Records contained in a dataset
◆ ◆ ◆ ◆ ◆ ◆ ◆

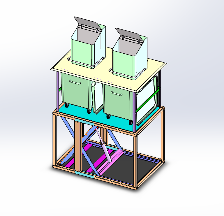 - 本模型為地下垃圾箱三維模型,它把垃圾箱分為了上下兩個部分,上部分是伸出地面的垃圾投入通道,下部分是存儲垃圾的容器,將它們整體放在了一個液壓的架子上。
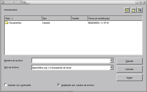 Ya sabemos cómo funciona el sistema de carpetas en GuadaLinex. Como es lógico, la carpeta destinada por defecto a guardar el archivo es la nuestra (usuario aparece en la figura porque este es el nombre con el que hemos entrado en el sistema), pero podemos indicar otra subcarpeta de esta haciendo doble click sobre ella, crear una nueva con , subir un nivel utilizando el botón o intentar alojar el fichero en otra cualquiera (siempre que tengamos permiso de escritura sobre ella, porque ya sabéis que Linux es intransigente con esto de los permisos). Estas opciones se aprecian en la figura anterior o podemos pasear el ratón por la ventana para que los cuadros de ayuda que se abren nos informen. Algo que es mejor no olvidar, obviamente, es el nombre del fichero. Para ello hay que rellenar el campo destinado a ese fin y que aparece como Nombre de Archivo (cuidado con minúsculas y mayúsculas), que podría ser, por ejemplo, PrimerDocumentoWriter. Por último, queremos hacer referencia al menú desplegable Tipo de Archivo porque aquí podemos indicar al programa si queremos guardar este fichero como si fuera un archivo de Writer (extensión .sxw) o, por ejemplo, un archivo de MS Word, con extensión .doc (si trabajamos con este último procesador de textos, esta opción puede sernos de ayuda hasta que tengamos cierta soltura con el Writer). Observemos que también el programa nos permite guardar el archivo con una contraseña, aunque eso lo dejaremos para otro momento. Finalmente, sólo tenemos que hacer click en la opción Guardar.
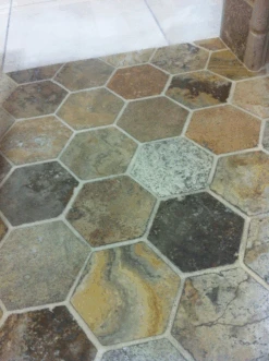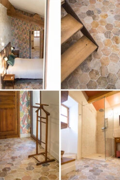 Sol travertin hexagonal mix beige noce gris – 1m²
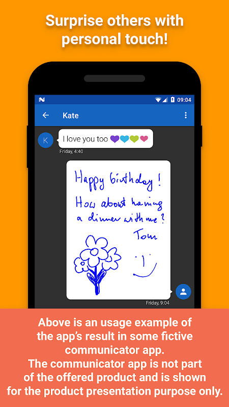 تعجب دوستان خود را با پیام های اصلی، منحصر به فرد و شخصا دست نویس. ارسال این اس ام اس (MMS)، مسنجر، رسانه های اجتماعی و یا برنامه ایمیل شما ترجیح می دهید، با استفاده از این ابزار فوق العاده. نوشتن یک متن، قرعه کشی یک طرح، یک قطعه از هنر و یا ایجاد هر چه دوست دارید.
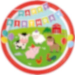 8 papieren bordjes met rode randen en motieven van schattige boerderijdieren en een kleurrijke slinger met de tekst "Happy Birthday" en ballonnen. Zet deze op tafel voor het kinderfeestje met boerderijthema.
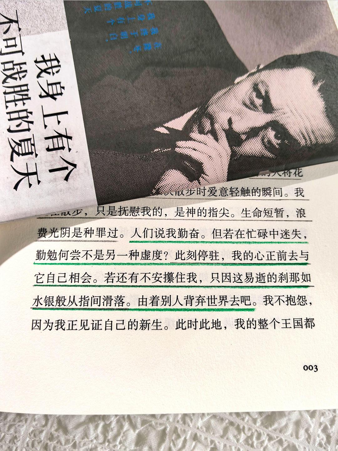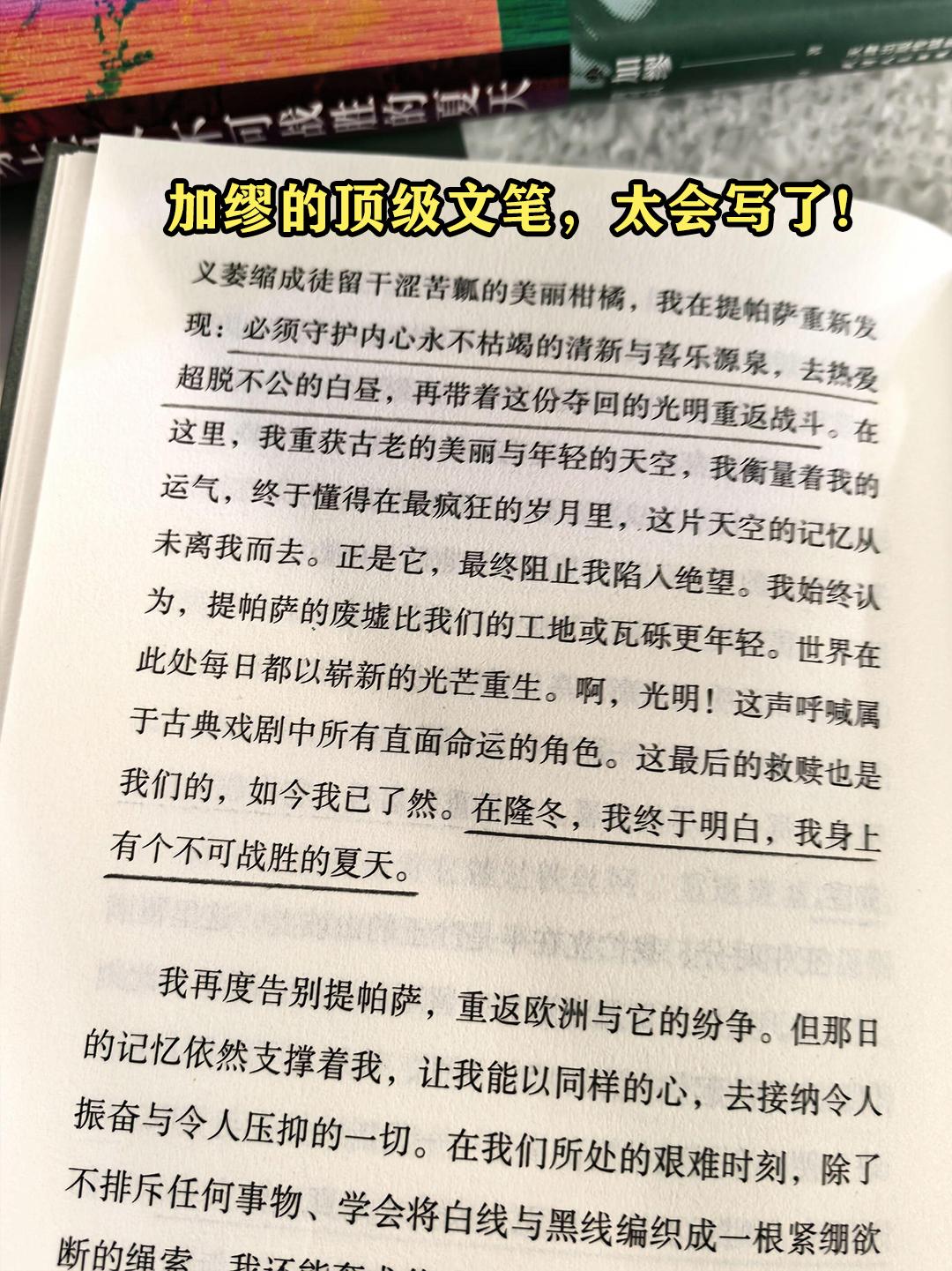 加缪24岁写下的人生之书。我共鸣到灵魂震颤!诺奖作品《我身上有个不可战胜的夏天》,一本相见恨晚的命运之书,他写的“夏天”,不是外在的温暖,而是一种不被摧毁的精神火种。我们被工作、学业、情感推着走,少年心气逐渐被磨灭,加缪用文字鼓励我们:带着创伤活下去,本身就是一种反抗,心里还有一块不被冻住的地方,那就是不可战胜的夏天。
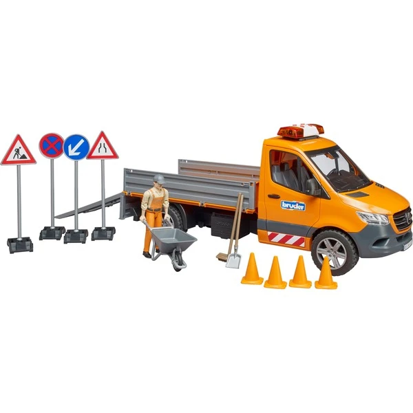 Zukunftsweisend, effizient, zuverlässig – so beschreibt Mercedes Benz den neuen Sprinter. Auch in der neuesten Generation bleibt er der vielseitige und allseits beliebte Transportprofi. Im umfangreichen Sortiment von BRUDER sind die neuesten Sprinter in unterschiedlichsten Varianten angekommen. Reparatur- und Wartungsarbeiten an Straßen, Gehwegen und Parkanlagen gibt es in jeder Stadt und Gemeinde zu sehen. Aufgrund seiner Größe und Variabilität, ist der MB Sprinter das bevorzugte Fahrzeug für diese Arbeiten bei vielen Kommunen. Dieser unverzichtbare Helfer, ist nun neu im Bruder Sortiment im bekannten Maßstab 1:16 zu finden. Das Fahrzeug besitzt eine kippbare Ladepritsche und die Bordwände lassen sich öffnen. Zum Transport kleiner Fahrzeuge, sind ansteckbare Auffahrrampen enthalten. Damit der Spielspaß gleich losgehen kann, ist der Bruder Bauarbeiter samt Schubkarre, Werkzeug, Schildern und Pylonen gleich enthalten. Für die bessere Sichtbarkeit ist der Sprinter mit einem Light & Sound Modul ausgestattet. Neben drei verschiedenen Sirenenlauten kann auch das Motorgeräusch des Fahrzeugs erzeugt werden. Somit steht der nächsten Baustelle im Kinderzimmer nichts mehr im Wege.
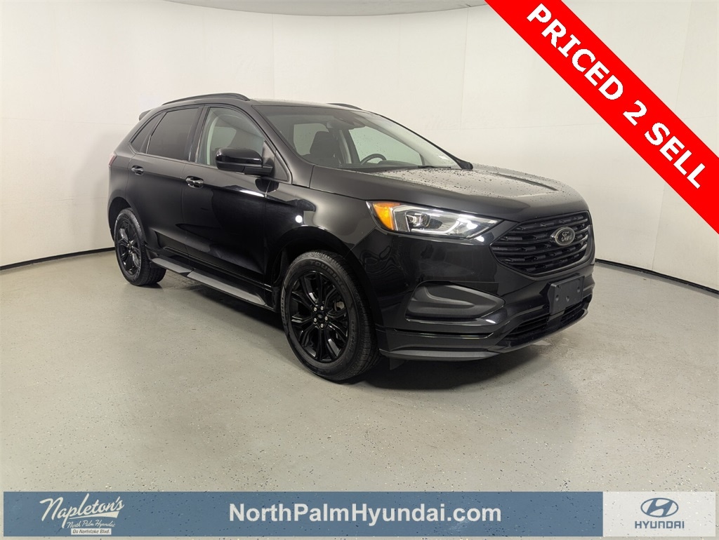 Features: Black Appearance Package (Black Badges, Black Grille & Surround, Black Mirror Caps, Black Painted Lower Bodyside Molding, Black Painted Skid Plate, Body-Color Front & Rear Bumpers, Rear Parking Sensors, and Wheels: 19" High-Gloss Black Painted Aluminum), Cargo Accessory Package (Cargo Mat, Rear Bumper Protector, and Retractable Cargo Area Cover), Equipment Group 100A, Edge SE, 4D Sport Utility, EcoBoost 2.0L I4 GTDi DOHC Turbocharged VCT, 8-Speed Automatic, AWD, Agate Black Metallic, Ebony w/Cloth Bucket Seats, 3.80 Axle Ratio, 4-Wheel Disc Brakes, 6 Speakers, ABS brakes, Air Conditioning, Alloy wheels, AM/FM radio: SiriusXM with 360L, Auto High-beam Headlights, Automatic temperature control, Black Roof-Rack Side Rails, Brake assist, Bumpers: body-color, Cloth Bucket Seats, Compass, Delay-off headlights, Driver door bin, Driver vanity mirror, Dual front impact airbags, Dual front side impact airbags, Electronic Stability Control, Emergency communication system: SYNC 4 911 Assist, FordPass Connect, Four wheel independent suspension, Front & Rear Floor Liners w/o Carpet Mats, Front anti-roll bar, Front Bucket Seats, Front Center Armrest w/Storage, Front dual zone A/C, Front reading lights, Fully automatic headlights, Illuminated entry, Knee airbag, Low tire pressure warning, Occupant sensing airbag, Outside temperature display, Overhead airbag, Overhead console, Panic alarm, Passenger door bin, Passenger vanity mirror, Power door mirrors, Power steering, Power windows, Radio: AM/FM Stereo/MP3 Capable, Rear anti-roll bar, Rear reading lights, Rear seat center armrest, Rear window defroster, Rear window wiper, Remote keyless entry, SiriusXM w/360L, Speed control, Speed-Sensitive Wipers, Split folding rear seat, Spoiler, Steering wheel mounted audio controls, SYNC 4A w/Enhanced Voice Recognition, Tachometer, Telescoping steering wheel, Tilt steering wheel, Traction control, Trip computer, Variably intermittent wipers, and Wheels: 18" Sparkle Silver-Painted Aluminum.
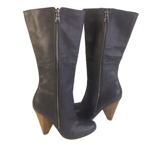 Belle by Sigerson Morrison gray leather mid calf 4” heeled boot size 6
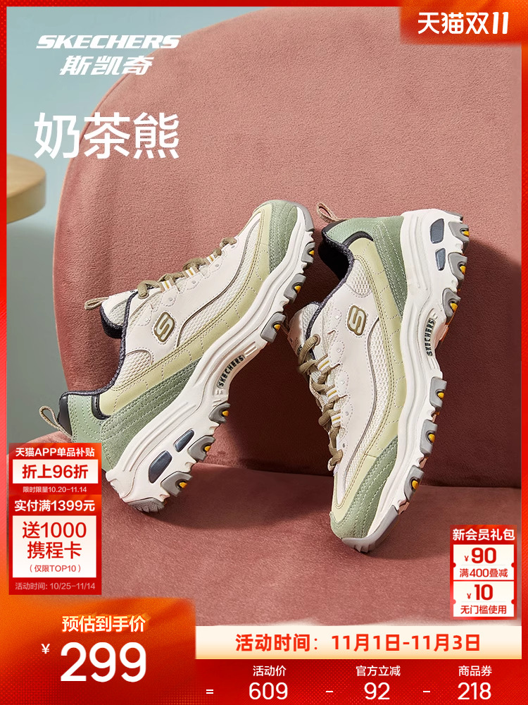 斯凯奇运动鞋女款奶茶熊复古户外休闲登山徒步百搭增高老爹鞋时尚
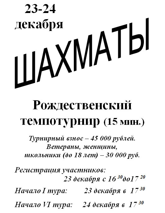23-24 декабря в Республиканском центре олимпийской подготовки по шахматам пройдет Рождественский темпотурнир.
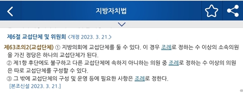 ÇÑÆí, 2023³â 3¿ù °³Á¤µÈ Áö¹æÀÚÄ¡¹ý Á¦63Á¶ÀÇ2´Â ±³¼·´Üü ¼³Ä¡¸¦ ¹ýÀûÀ¸·Î ¸í¹®ÈÇßÁö¸¸, ±âÃÊÀÇȸ »ó´ç¼ö´Â °ü·Ã Á¶·ÊÁ¶Â÷ Á¦Á¤ÇÏÁö ¾Ê¾Æ ¹ý°ú Çö½ÇÀÇ ±«¸®°¡ Áö¼ÓµÇ°í ÀÖ´Ù.

◆ ◆ ◆ ◆ ◆ ◆ ◆

▸ Exercise description:
Beginning with the line that contains "Belle by Sigerson" and ending with the last line of the entries above, repeat each line exactly, but not the pictures.

▸ Response area:
 Belle by Sigerson Morrison gray leather mid calf 4” heeled boot size 6
 斯凯奇运动鞋女款奶茶熊复古户外休闲登山徒步百搭增高老爹鞋时尚
23-24 декабря в Республиканском центре олимпийской подготовки по шахматам пройдет Рождественский темпотурнир.
 ÇÑÆí, 2023³â 3¿ù °³Á¤µÈ Áö¹æÀÚÄ¡¹ý Á¦63Á¶ÀÇ2´Â ±³¼·´Üü ¼³Ä¡¸¦ ¹ýÀûÀ¸·Î ¸í¹®ÈÇßÁö¸¸, ±âÃÊÀÇȸ »ó´ç¼ö´Â °ü·Ã Á¶·ÊÁ¶Â÷ Á¦Á¤ÇÏÁö ¾Ê¾Æ ¹ý°ú Çö½ÇÀÇ ±«¸®°¡ Áö¼ÓµÇ°í ÀÖ´Ù.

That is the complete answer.